For the revelation known as Doctrine and Covenants 84, recorded on pages 20–31, a clear break of a full line between what now constitute verses 102 (ending in “Amen”) and 103 (p. 29) is present. The words And again at the beginning of verse 103 are used throughout Joseph Smith’s revelations to mark places where the Lord gave him supplementary information to a previous revelation, usually the same day, after a break. That the whole was considered a single revelation is indicated by the fact that, for this revelation, no date or other heading appears before Doctrine and Covenants 84:103 and no division marker occurs until page 31. Since a note at the end of the revelation declares that it was “given by Joseph the seer and written by Sidney the scribe and Councellor and transcribed by Frederick assistant scribe and councellor,” it seems clear that what we have in the KRB is a copy, not an original. The second part of the revelation (verses 102–20) may have been on a separate sheet of paper, but Williams was told that it was supplementary to the earlier revelation. A similar phenomenon occurs for the revelation from Doctrine and Covenants 107, on pages 84–86. Between our current verses 84 and 85, no real break appears, but a new paragraph begins with the words And again.

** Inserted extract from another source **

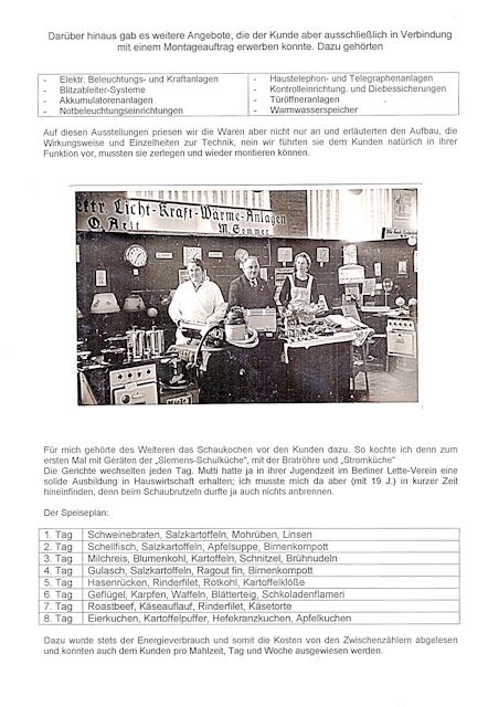 Zur Kundenbetreuung gehört für mich auch, dass ich hier zur Werbung täglich stundenlang koche, brate, brutzele und backe, damit die Besucher kosten können, ob das Essen vom Elektroherd anders schmeckt, als wenn es auf dem heimischen Holz-/Kohle-Herd zubereitet wurde. Zumindest bei mir darf nichts anbrennen!
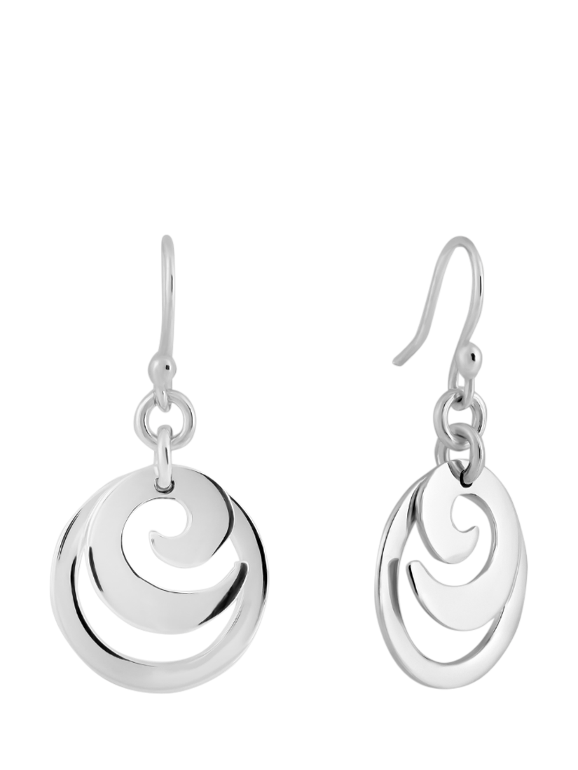 An eye catching design comprising of two independently moving pieces on a silver ear wire.

Evidence indicates that the revelation (D&C 90) on pages 51–55 was copied into the KRB and did not originate with it. At the end of what became verse 28, an asterisk was inserted on page 54, and the text of what now constitute verse 29 and the first half of verse 30 (to the word Zion) was added in very small handwriting at the end of the revelation (p. 55). Since verse 28 ends with the word Zion, it seems clear that this is a case of homoioteleuton, in which, during copying, Williams’s eyes inadvertently jumped from the word Zion in what is now verse 28 to the same word in what is now verse 29, resulting in the inadvertent omission of the intervening words.

The same phenomenon is found in the revelation (D&C 98) on pages 66–71. After the words fourth generation in what became verse 29 (in the middle of page 69), the scribe’s eye skipped to these same words at the end of our verse 30 and wrote Nevertheless, the first word in verse 31. When the error was noted, an attempt to correct it on the page was made by first erasing nevertheless, then by beginning to add the missing words supralinearly. It soon became apparent that the space was inadequate to squeeze these in, so the added words were crossed out. In their place, a scrap of paper was attached to the KRB between pages 68 and 69 that supplied all the missing words beginning with I have delivered in verse 29 through nevertheless in verse 31. An asterisk in the original text refers us to the additional wording. Again, the scribal error and subsequent correction are evidence that the revelation was not written into the KRB from dictation.

Despite the three revelations that were clearly not original to the KRB, the chronological order of the revelations on pages 19b–83a suggests that they represent the time period (August 1832 through December 1833) during which the KRB was in active use as the book in which revelations were recorded as dictated by the Prophet Joseph Smith.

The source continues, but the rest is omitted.